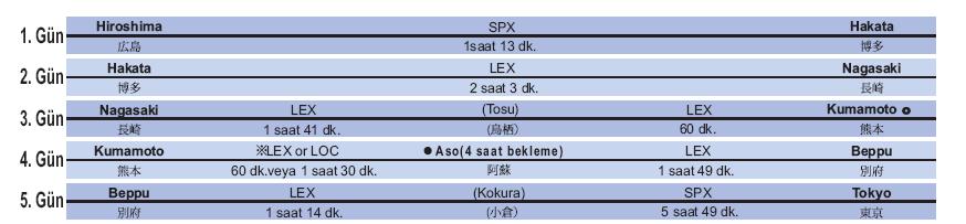Not: Kumamoto, Aso ve Beppu’yu bağlayan ☼ LEX “Aso”nun günlük sefer sayısı oldukça kısıtlıdır. Kumamoto’dan erken bir saatte ayrılmanızı öneririz.
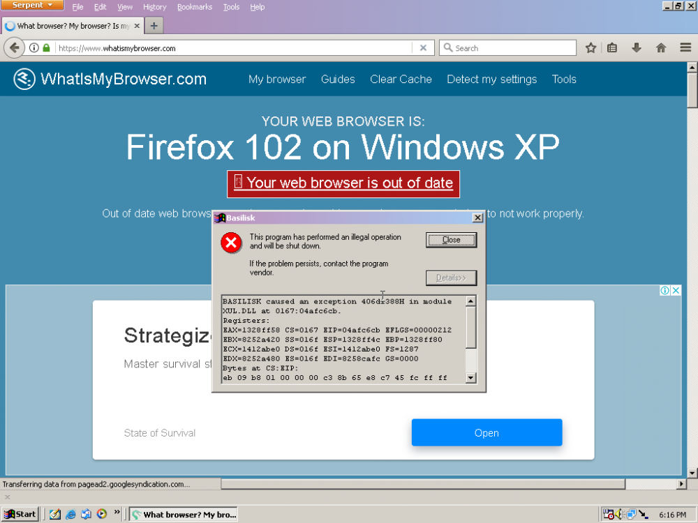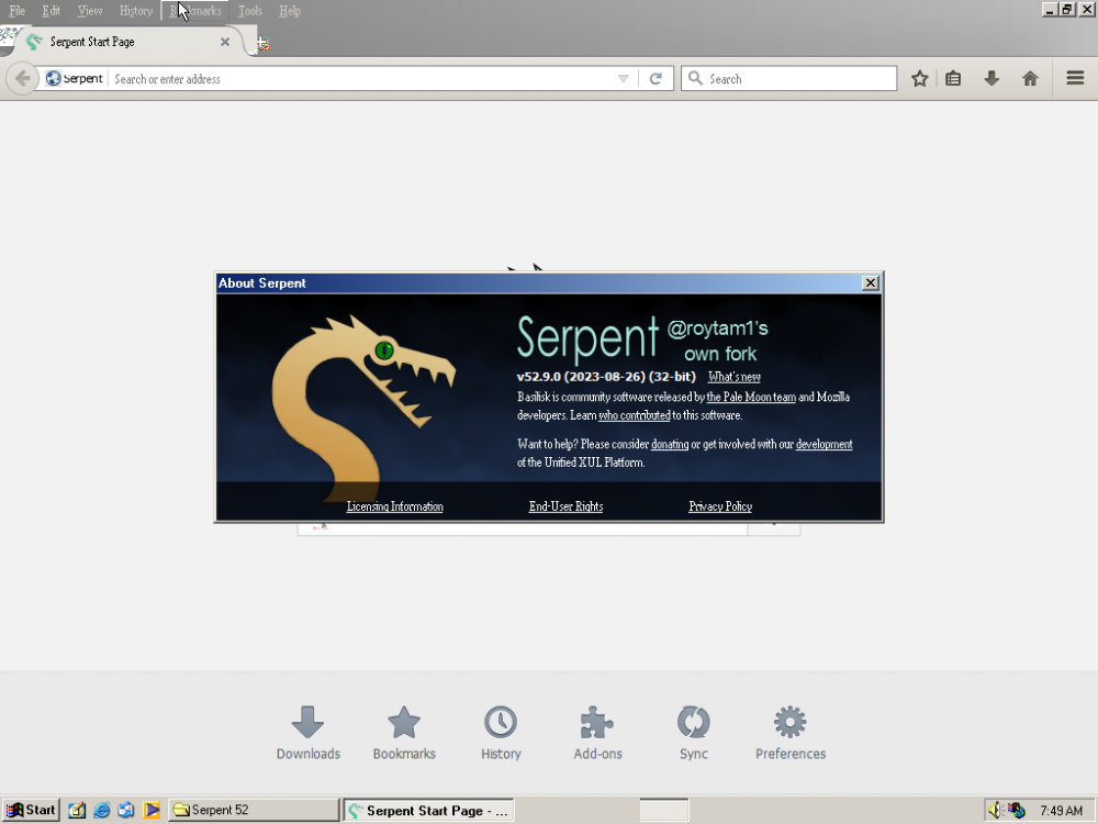 Thanks! Now I can run Serpent 52 and 55 on my Windows ME and Windows 98 (VM). The good thing is that for those who stuck on Firefox 48/45 ESR can use this browser by downloading the IA-32 version from https://o.rthost.win/basilisk and replace RaiseException with GetLastError on mozjs.dll and xul.dll (don't forget to add XP dlls and change dependentlibs.list). Also, github.com works! (meaning that you can download files, etc). Not sure if it works on Serpent 55, if it's not then you can try Serpent 52 (because it is more stable than Serpent 55).
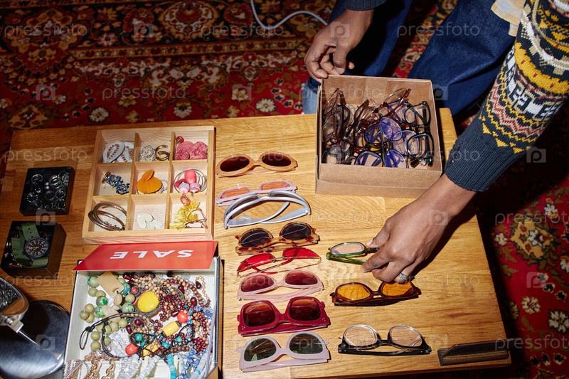 Молодой взрослый чернокожий мужчина выбирает солнцезащитные очки второй руки на столе винтажного рынка
______
▸ **Exercise**
Repeat the data above exactly; images are not part of the copy.

▸ **Expected answer**
Not: Kumamoto, Aso ve Beppu’yu bağlayan ☼ LEX “Aso”nun günlük sefer sayısı oldukça kısıtlıdır. Kumamoto’dan erken bir saatte ayrılmanızı öneririz.
 Thanks! Now I can run Serpent 52 and 55 on my Windows ME and Windows 98 (VM). The good thing is that for those who stuck on Firefox 48/45 ESR can use this browser by downloading the IA-32 version from https://o.rthost.win/basilisk and replace RaiseException with GetLastError on mozjs.dll and xul.dll (don't forget to add XP dlls and change dependentlibs.list). Also, github.com works! (meaning that you can download files, etc). Not sure if it works on Serpent 55, if it's not then you can try Serpent 52 (because it is more stable than Serpent 55).
 Молодой взрослый чернокожий мужчина выбирает солнцезащитные очки второй руки на столе винтажного рынка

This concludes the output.